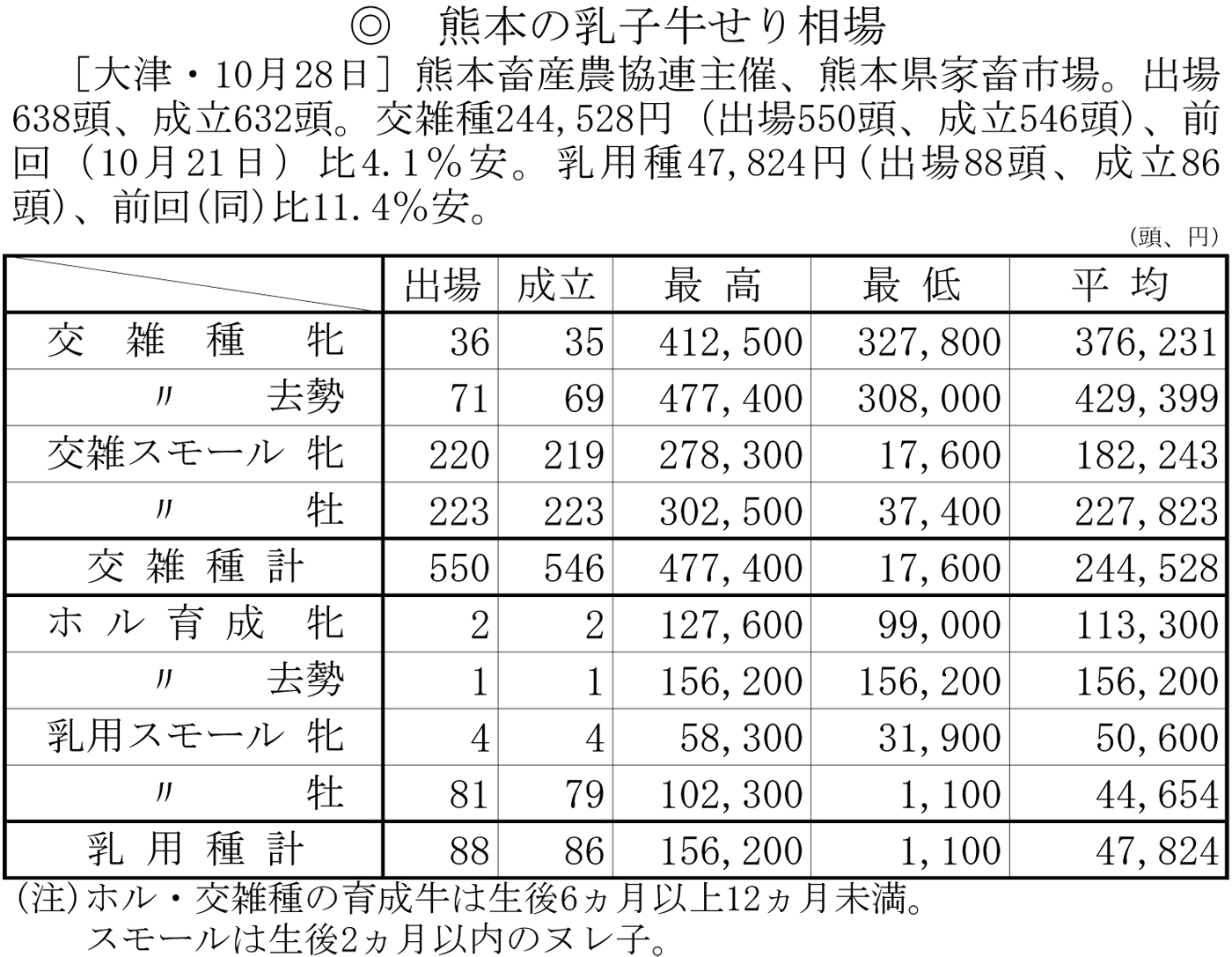 熊本の乳子牛せり相場(大津・10月28日)
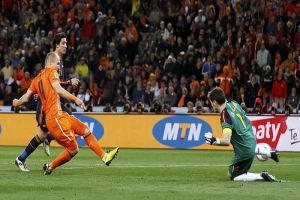 2010年世界杯,荷兰对阵西班牙的比赛。加时赛,伊涅斯塔的进球,荷兰0-1不敌西班牙,再次屈居亚军。
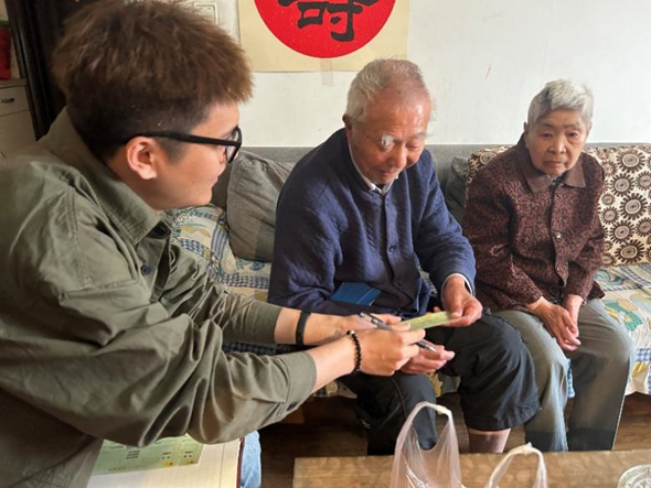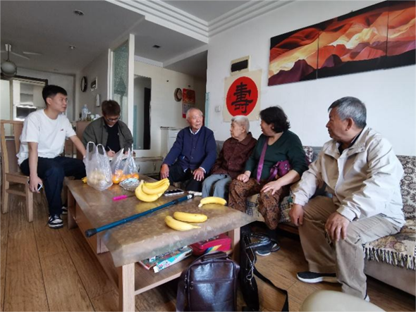 为全面贯彻落实党的二十大精神,加强支部交流,提升党建工作质量,5月10日,澳门太阳城唯一正版授权网站 领航先锋研究生党支部(以下简称“领航先锋党支部”)与离退休处党总支退休第十二党支部(以下简称“退休第十二党支部”)开展“前行不忘耕耘者,春日慰问传真情”第六期老少帮扶共建活动。在退休第十二党支部书记闫海卿的带领下,领航先锋党支部成员张杰和田文浩一同走进方炳炎、刘德芳、孙可浚和杨贵森四位退休教师的家中,并向他们献上了90岁生日的诚挚祝福。
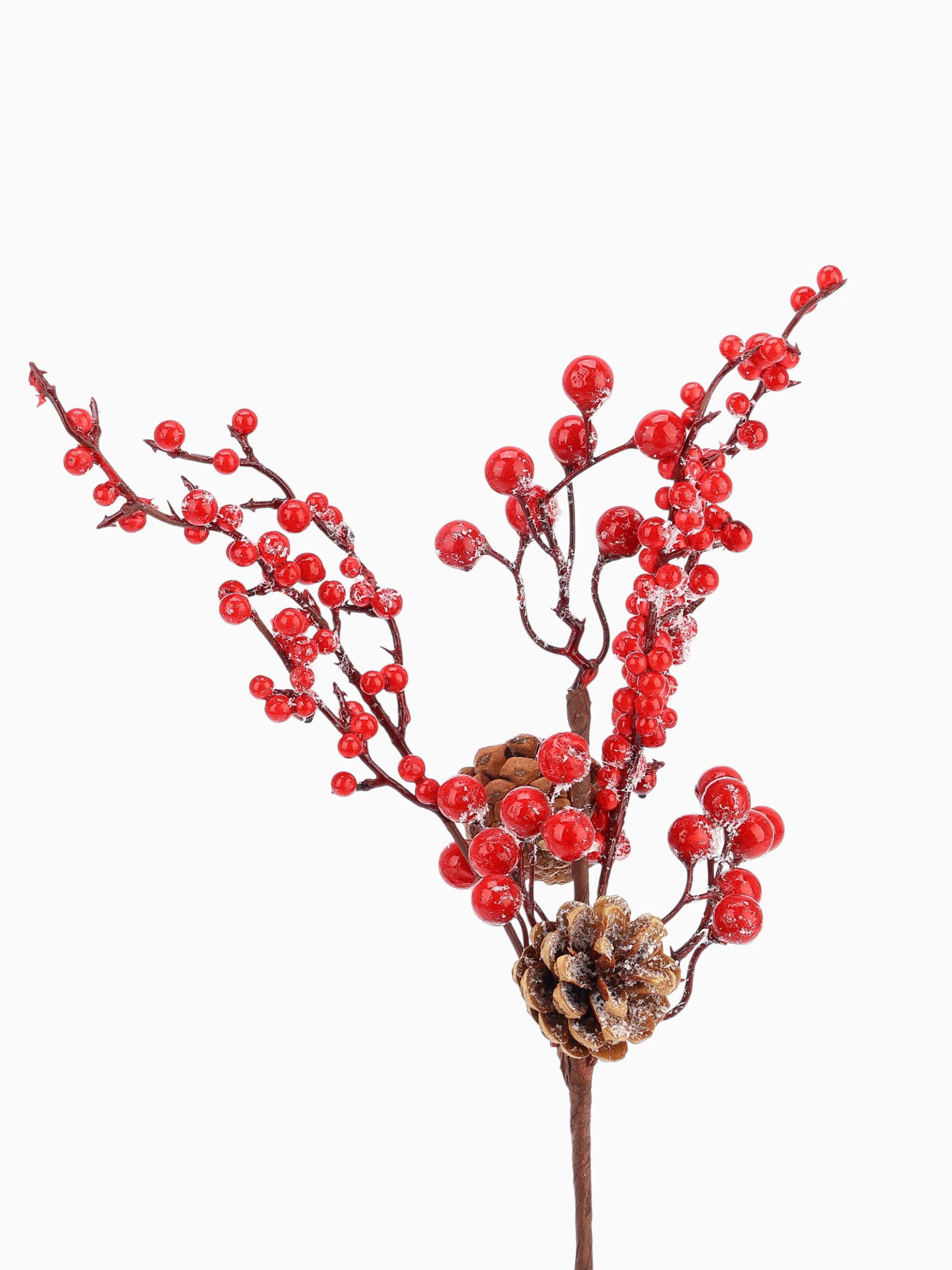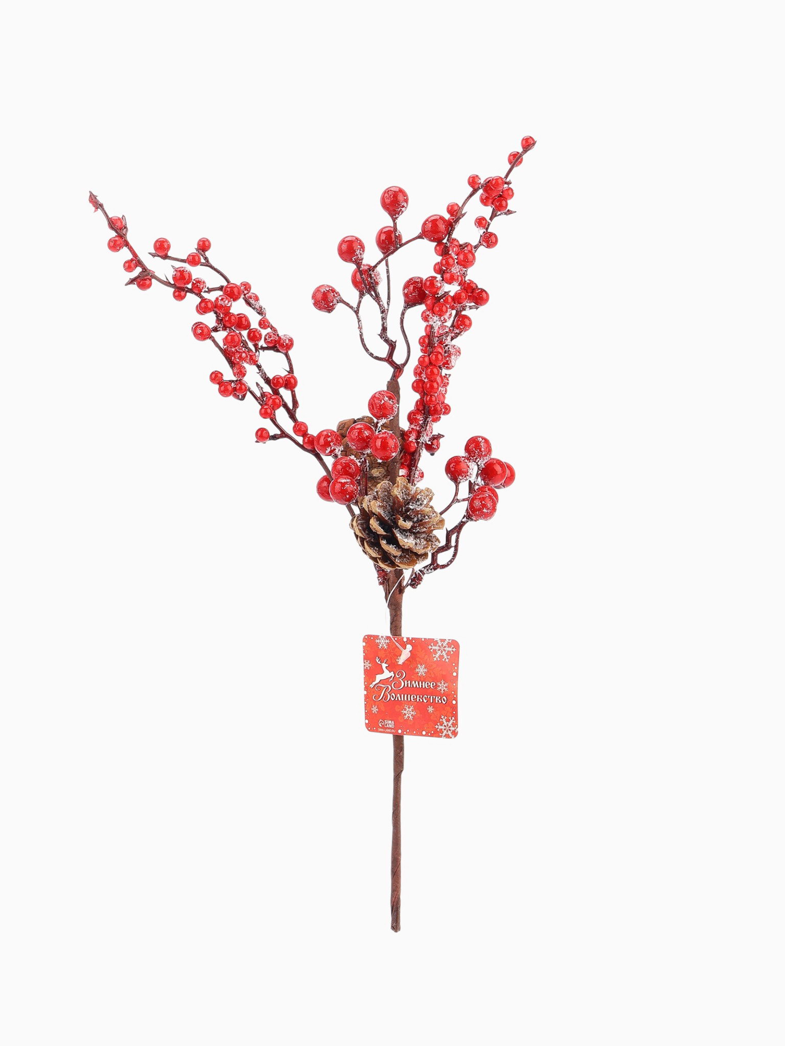 Еловая ветка декоративная "Зимнее волшебство. Очарование", шишки, замёрзшие ягоды, 35 см, 35 см., Зимнее волшебство, Китай

**What to work on**
Write the material above out again exactly. Omit every image.

**Response to the task**
 熊本の乳子牛せり相場(大津・10月28日)
 2010年世界杯,荷兰对阵西班牙的比赛。加时赛,伊涅斯塔的进球,荷兰0-1不敌西班牙,再次屈居亚军。
 为全面贯彻落实党的二十大精神,加强支部交流,提升党建工作质量,5月10日,澳门太阳城唯一正版授权网站 领航先锋研究生党支部(以下简称“领航先锋党支部”)与离退休处党总支退休第十二党支部(以下简称“退休第十二党支部”)开展“前行不忘耕耘者,春日慰问传真情”第六期老少帮扶共建活动。在退休第十二党支部书记闫海卿的带领下,领航先锋党支部成员张杰和田文浩一同走进方炳炎、刘德芳、孙可浚和杨贵森四位退休教师的家中,并向他们献上了90岁生日的诚挚祝福。
 Еловая ветка декоративная "Зимнее волшебство. Очарование", шишки, замёрзшие ягоды, 35 см, 35 см., Зимнее волшебство, Китай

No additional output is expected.